When I was a child we had regular (6 monthly maybe) visits from the DSS, this was the only time my mum would ever do cleaning etc --which is totally why I’m a complete slattern now--blush so was quite a big deal and I don’t remember them checking our flat particularly but they would talk to my mum whilst I was there, I don’t remember them specifically asking me questions or anything. My mum was a single parent (my dad was married and she was his mistress although he saw us often) I have wondered a few times as an adult, why SS were involved just curiosity really, it is there any way of finding out now - 40 odd years later? I’m nc with my mum and my dad is dead so no other way of finding out really.

So is it possible there would be records somewhere? Does anyone know? TIA

mintteaandbananabread Thu 12-Oct-17 18:26:29

I would think individual policies would vary by jurisdiction, so it will depend where you are most likely. I found this for Northumberland County by means of an example of their policy:

The policy is specifically to retain the records for 35 years after the case is closed, unless the child is or becomes looked after (in which case the retention policy is 75 years from the date of birth) or adopted (in which case the retention period is 100 years from the date of the Adoption Order)

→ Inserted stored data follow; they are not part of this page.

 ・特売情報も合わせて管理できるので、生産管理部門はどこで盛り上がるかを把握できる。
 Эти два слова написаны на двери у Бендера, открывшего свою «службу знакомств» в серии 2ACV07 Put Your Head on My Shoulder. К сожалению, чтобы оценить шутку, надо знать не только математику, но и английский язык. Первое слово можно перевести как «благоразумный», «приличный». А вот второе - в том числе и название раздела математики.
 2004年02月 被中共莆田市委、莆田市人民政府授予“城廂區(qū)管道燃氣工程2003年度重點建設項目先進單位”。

and another from Scotland where periods range from 5 years to 100 years depending on the action taken (generally the more involvement the longer the retention).
www.scottisharchives.org.uk/scarrs/scarrs1-26.pdf

Your best bet is to contact the relevant authority and make a freedom of information request for any records held about you. There may well not be any though.

Good luck.

Polter Thu 12-Oct-17 18:32:31

It's a Data Protection Act Subject Access Request, not FOI.

The records can be quite hard to read so do take care of yourself iknow flowers

mintteaandbananabread Thu 12-Oct-17 18:33:28

Sorry, my mistake.

MissBeehiving Thu 12-Oct-17 18:44:19

My DH (48) accessed his adoption records a few years ago. They are very patchy though - he went into care at birth and was adopted at 2 yo but there were only about 7/8 bits of paper.

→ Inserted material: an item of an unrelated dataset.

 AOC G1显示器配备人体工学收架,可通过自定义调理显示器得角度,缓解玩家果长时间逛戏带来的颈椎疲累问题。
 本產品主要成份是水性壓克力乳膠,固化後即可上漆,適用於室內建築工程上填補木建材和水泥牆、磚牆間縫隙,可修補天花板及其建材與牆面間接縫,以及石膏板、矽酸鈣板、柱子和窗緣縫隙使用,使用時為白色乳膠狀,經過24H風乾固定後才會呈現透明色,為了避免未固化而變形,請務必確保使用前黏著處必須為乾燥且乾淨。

iknowimcoming Thu 12-Oct-17 21:06:59

Thanks everyone, I’m still in the same area so I’ll give them a call tomorrow and find out where to go from there hopefully. Thanks for your concern Polter, appreciated, and I must admit your comment did make me stop and think for a minute, and you’re right of course, but if I had to guess I’d say maybe concerns of neglect/benefit fraud rather than anything more sinister. I’ll post again if I find out anything (possibly not details iyswim but more the facts/process). Thanks again smile

Whatshouldmyusernamebe Thu 12-Oct-17 21:08:08

You should be able to access something.

JaniceBattersby Fri 13-Oct-17 00:03:57

SS seemed to have more time back then so it might not be anything sinister. We had a social worker who used to pop in every few months to 'say hello' because my mum had eight kids. Literally no other concerns at all, just sheer volume of kids. Maybe SS were involved with you because your mum was a single parent.

I hope it's something and nothing flowers

JoanBartlett Sat 14-Oct-17 12:43:54

I think some organisations wll charge the £10 for data protection requests (although in my view it would be worth it to see older records like that) but I am not sure if that applies to social worker records and after May 2018 there will be no data protection charges as the law changes. Is your mother still alive? Ifshe is then they may not be allowed to give to you (a different person from her) information about your mother by the way.

BlackEagle Sun 11-Feb-18 16:27:06

Message deleted by MNHQ. Here's a link to our Talk Guidelines.

iknowimcoming Sun 11-Feb-18 21:16:36

@BlackEagle - can I suggest you start a new thread with your question? I'm guessing you're not from the uk? It's not acceptable to leave children as young as yours alone at home even for 30 minutes sad

TinWhistleTunes Mon 12-Feb-18 23:29:20

This sounds really complicated.

In the UK, there is no legal problem with leaving kids alone, but what you did could be seen as neglect. I know it can be okay in other countries to give kids more responsibility, but I'm not surprised the social worker got involved.

The situation with your partner sounds hard and a bit confusing.

Do you have anybody you can talk to about this? Is there anybody at the school?